I went from the lobby, and my unfinished questions with my feelings of being inadequate, directly into a room with a panel of people. They were asking me about how I would handle all different kinds of hypothetical scenarios. At the time, I thought the interview went great. However, now looking back at it, I can see I totally messed it up. My answers were not good because I could not think clearly. I talked too much, because I do that when I am stressed. I am sure they probably thought I can’t handle stressful situations. I kind of proved it to them, and a caseworker is a highly stressful job, so I pretty much showed them I wasn’t the guy they were looking for. The panel didn’t think about how those little things, like a baby in a room while I am writing, affected me because they didn’t know my limitations. It’s another job I didn’t get.

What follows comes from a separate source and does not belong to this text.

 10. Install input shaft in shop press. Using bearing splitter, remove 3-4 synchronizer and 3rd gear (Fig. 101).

These types of experiences increase my feelings of being rejected for something I cannot control. I see my disability and it seems to make it easy for me to be critical of other people who look fine. They don’t know what I am dealing with and I resent it. It is nearly impossible for me to look beyond myself to understand what pain others have from their own experiences. Looking from outside I jump to conclusions, but then I think about it and realize I am doing the same thing to them that I hate when it is done to me.
The times when I can slow my thinking down, I have compassion for people who are having trouble, like elderly or disabled people. My limitations have taught me patience and given me empathy, sometimes. Back when I was taking care of my elderly father and I wanted him to feel his own autonomy in the small things. I could just pick some things for him when I was shopping, but I wanted him to feel he had some control over his life so I took him and let him pick. Sometimes he was like a child, with an advanced intellect.

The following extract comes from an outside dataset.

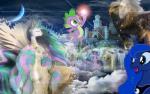 ...Сказка... диаманта... ... Одним прекрасным днем Твайлайт прибежала к своим подружкам взволнованная. - Представляете, исчезла Ее Высочество Селестия! А рядом с ней замок возник, большой, страшный, везде грифон нарисован... - Ой, можно подумать, мы впервые с грифонами дело имеем! - перебив, весело подмигнула Рэйнбоу-Дэш ахнувшим пони, вспоминая свою отпетую приятельницу, - Разберемся... С этими словами молнией полетела радужная лошадка в сторону дворца Селестии. Она долго не могла понять, где Ее Высочество - не было никого, кроме Луны. - Ваше... - робко обратилась она, поклонившись, но принцесса задумчиво и понимающе кивнула, потом сказала: - Она вернется... После - молча вновь стала смотреть в окно, откуда виднелся страшный и странный замок с изображениями грифона... Там тоже не было никого, кроме спящей прелестной, сияющей девушки в прекрасном длинном платье, с точно белоснежным лицом, пушистыми ресницами и переливающимися воздушными... радужными волосами. "Это Ее Светлость!" - ахнул Спайк, балансируя на тонких решетчатых жердочках окна (кроха-дракончик тоже встревожился исчезновением Селестии и первым кинулся на поиски, как только услышал подозрительный, зловещий крик не то орла, не то льва окна замка своей белоснежной правительницы)... Тут ему пришлось пригнуться и старательно глядеть во все глаза, как только за окном к спящей девушке стал приближаться огромный грифон, со строгим взглядом, острым клювом и когтями, с рычанием... "Не смей трогать нашу любимую Селестию!.." - самоотверженно завопил Спайк, зажмурив глаза, чтобы не видеть, как кровожадный хищник, давно им отмеченный в ночном-дневном небе их страны, бродивший по глухим ее уголкам, съест грациозную и маленькую, по сравнению с ним, фигурку. Но как открыл глаза, от удивления чуть не упал с решетки - он увидел вместо крылатого полульва темноволосого юношу, что положил в карман сюртука крохотный диамант алого цвета (дракончик раньше приметил его на лбу грифона). Юноша тихонько гладил Селестию одной рукой, другой проводя пассы рукой (отчего внизу распускались цветы, у каждой из пони появлялась то новая юбочка, то пирожное, то крошечный живой летающий змей-друг; замок принцесс покрывался розовыми лепестками, что осторожно кружились вокруг девушки и, падая, словно обнимали ее нежные щеки... - Караул! - не любившая обновки, воскликнула Рэйнбоу-Дэш, недовольно рассматривая заколку, появившуюся, откуда не возьмись, - Срочно прогоняем этого грифона (магическим посланием Спайк тихонечко, если это можно сказать по его корявым словам и нервным огонечкам послания, рассказал об увиденном). - Он украл Селестию! Нельзя ничего от него брать, вдруг он заколдовал вещи, чтоб мы уснули или забыли, а сам принцесс съесть и мы будем следующими!.. - испугалась Твайлайт. Ее собеседницы, как по команде, обнялись и завизжали. - Цыть! - раздалось сзади тихим голосом. Пони обернулись и увидели Луну, ее плащ развевался, глаза, как всегда глубокомысленны, но видно было, что она чем-то расстроена. Малышки-лошадки замолчали и притихло придвинулись ко строгой, но доброй, родной для каждой из них, сестры Селестии. - Я прогоню его, без паники!.. - отчеканила она и пошла твердым шагом, пони провожали ее жалостливым взглядом, ведь она не вернется, как им казалось... "Мне казалось, или ты не ушел после моего приказа?" - говорила она юноше, что, завиде

Because of my injury, I understood how that feels. I could guide while still letting him feel he was in control. No assumptions of what he wanted or needed on my part, instead I wanted to show empathy. If he was angry and cranky, he didn’t have evil intent, he was just frustrated. Often cranky old people are misunderstood, the problem is they are losing themselves and it makes them unhappy. I get that. I say let them be who they are. Interesting people. I want someone to let me be who I am, too. I want people to give me that same kind of understanding.
Thanks again, Bill, for sharing these realities of your struggle with TBI and for showing us the importance of empathy. We need more empathic people.